Pensions Ombudsman determination
Wesleyan Personal Pension Plan · CAS-77562-J6T9
Verbatim text of this Pensions Ombudsman determination. Sourced directly from the Pensions Ombudsman published register. The Pensions Ombudsman is a statutory tribunal — its determinations are public record. Not an AI summary, not a paraphrase.
Full determination
CAS-77562-J6T9
Ombudsman’s Determination Applicant Dr K
Scheme Wesleyan Personal Pension Plan (the Plan)
Respondent Wesleyan Assurance Society (Wesleyan)
Outcome
Complaint summary
Background information, including submissions from the parties Dr K is a member of the Plan.
On 15 March 2019, Dr K sent a letter to Wesleyan, requesting that it extend his retirement date from August 2019 to August 2024.
On 20 May 2019, Dr K wrote to Wesleyan again asking that it extend his retirement date from August 2019 to August 2024.
Around May 2019, Wesleyan responded to Dr K and confirmed in writing that his retirement date would be extended to August 2024.
On 6 August 2020, Wesleyan issued a quotation to Dr K which showed that the value of his Plan benefits was £128,275 (the First August 2020 Quotation).
On 21 August 2020, Wesleyan issued another quotation to Dr K which showed that the value of his Plan benefits was £132,691 (the Second August 2020 Quotation).
In October 2020, Dr K noticed that Wesleyan had failed to collect monthly contributions for the Plan for 15 months. He informed his Independent Financial Adviser (the IFA), who then contacted Wesleyan.

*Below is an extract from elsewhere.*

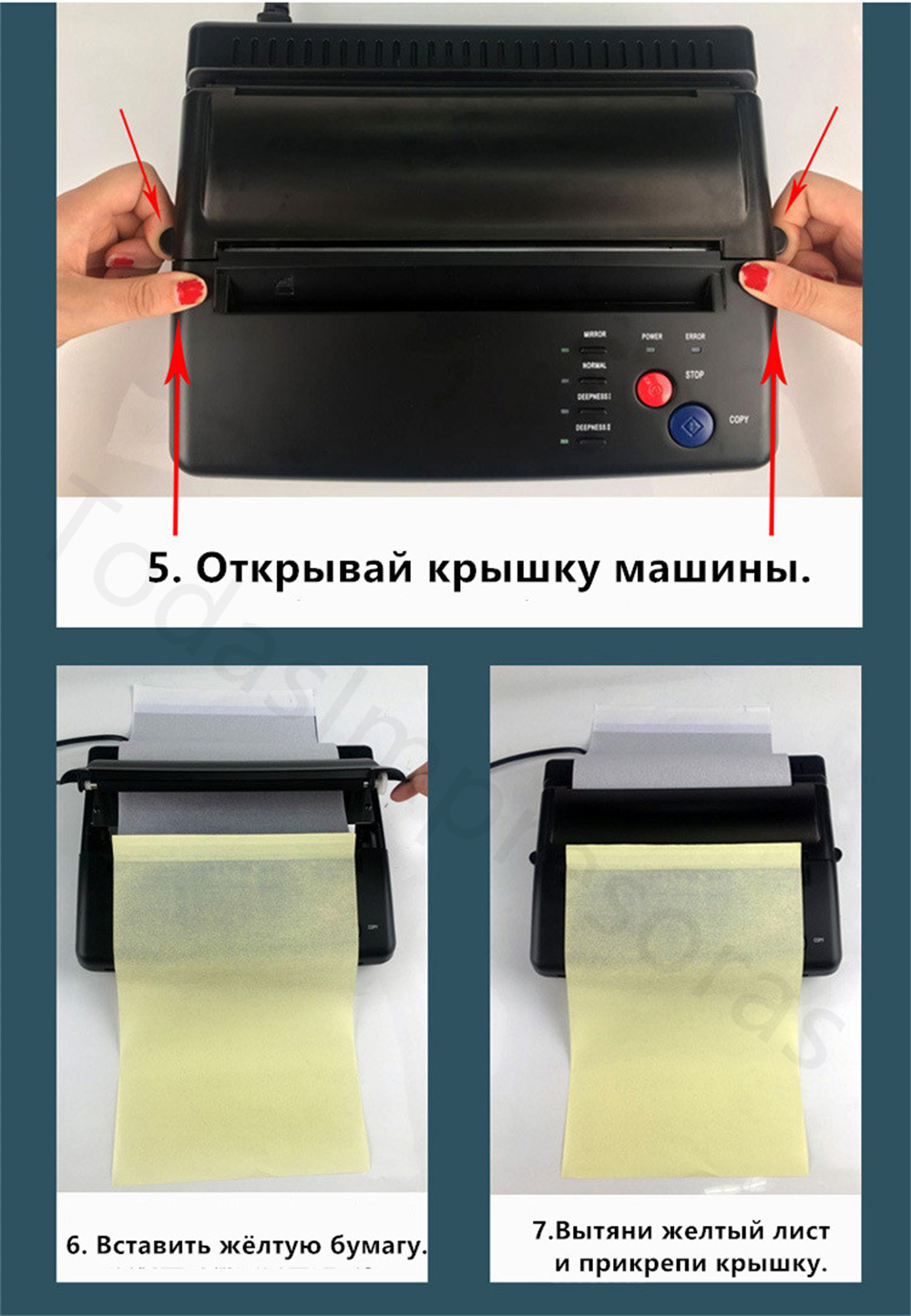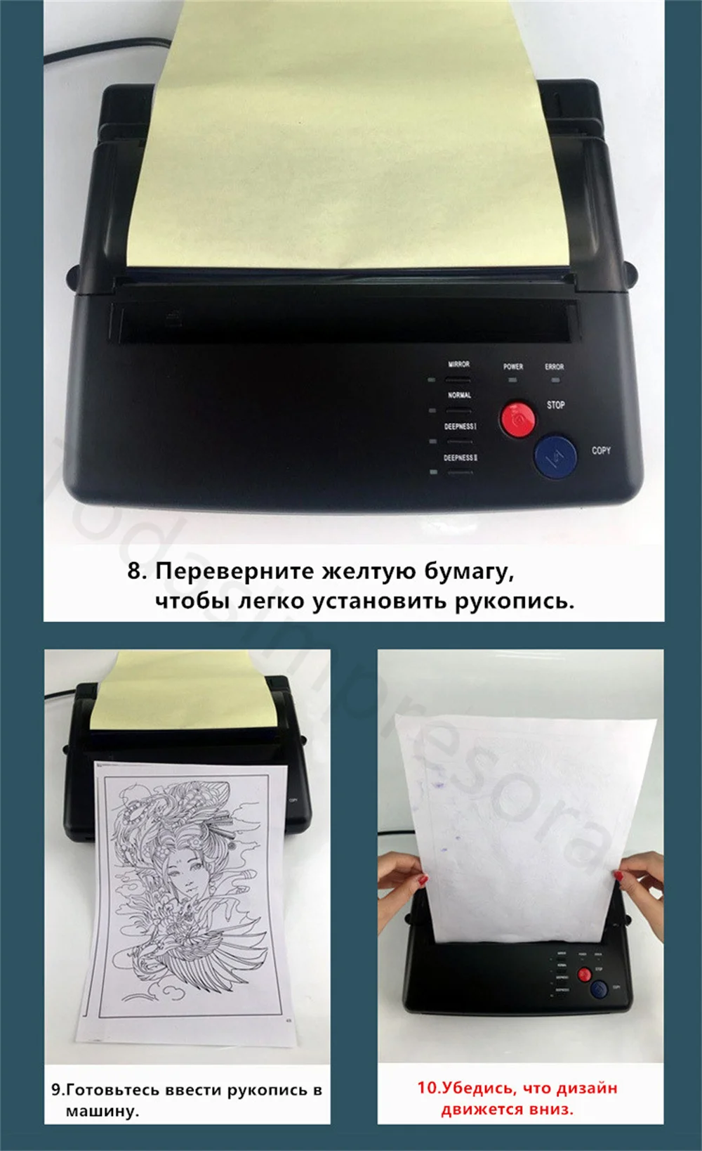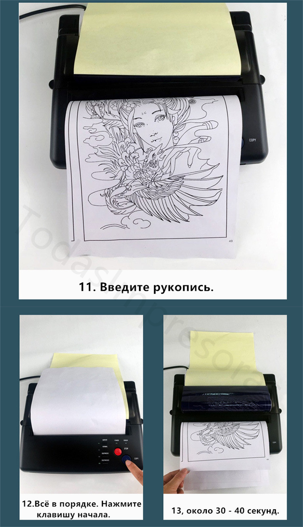 Термокопировальный аппарат позволяет татуировщику сделать копию дизайна, который затем может быть перенесен на кожу человека, получающего татуировку, убедившись, что татуировщик получит именно то, что он или она хочет
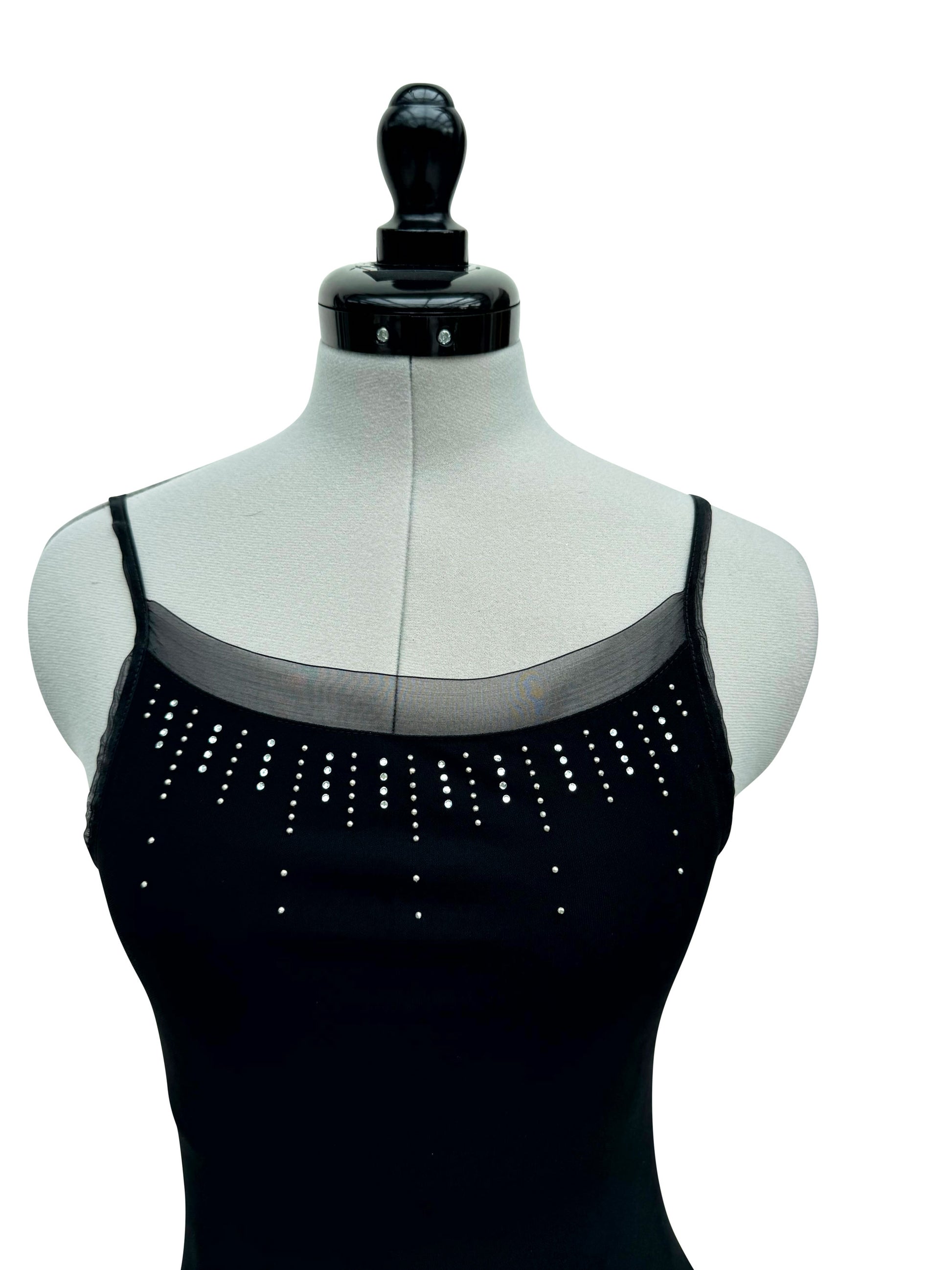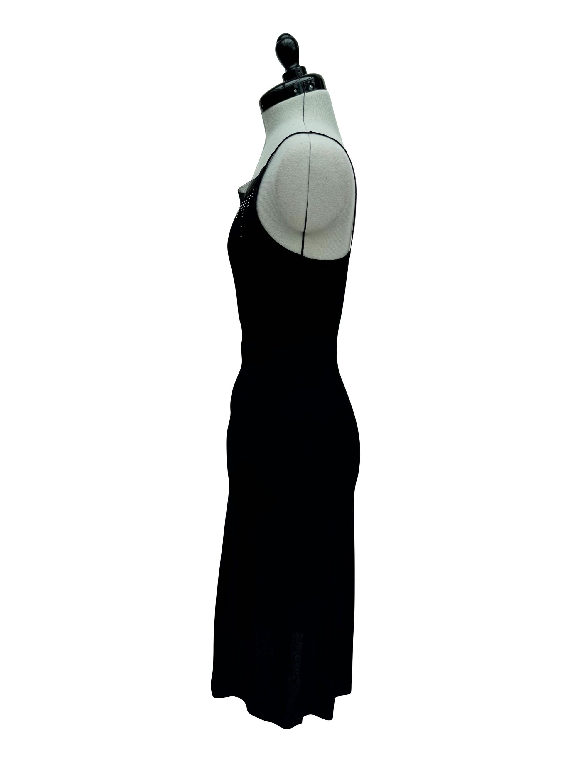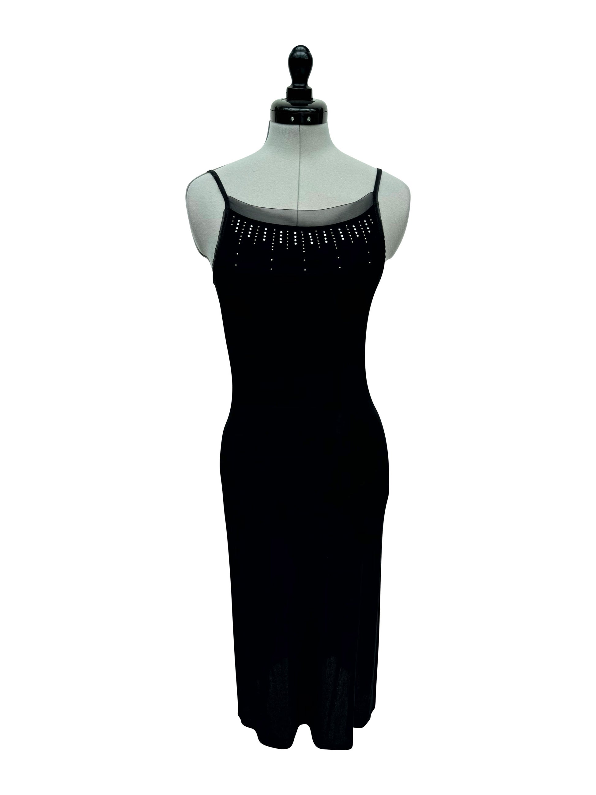 Dieses elegante Spaghettiträgerkleid in klassischem Schwarz besticht durch seine funkelnden Strasssteinchen, die rund um den Ausschnitt angebracht sind und für einen glamourösen Look sorgen. Das Kleid zeichnet sich durch einen geraden Schnitt aus, der figurbetont sitzt und eine schlanke Silhouette schafft.

1 CAS-77562-J6T9 Wesleyan investigated the matter and informed Dr K that an administrative error had occurred when processing the extension of his retirement date from August 2019 to August 2024, in that the final contribution payment date was not extended to the new retirement date, resulting in contributions not being collected from July 2019.
As a resolution, Wesleyan offered to accept the accumulated 15 months of outstanding contributions as a lump sum from Dr K and stated that a new direct debit instruction could be created for him for the payments to continue moving forward. Additionally, Wesleyan offered Dr K a total of £300 as compensation: £100 for the distress and inconvenience he experienced, and £200 for the tax relief lost due to its failure to collect the contributions.
On 5 November 2020, Dr K accepted Wesleyan’s proposed resolution.
On 17 November 2020, The IFA emailed Wesleyan, requesting that it provide Dr K with an up-to-date quotation showing the total value of his Plan benefits. The IFA followed up this request on 25 November 2020.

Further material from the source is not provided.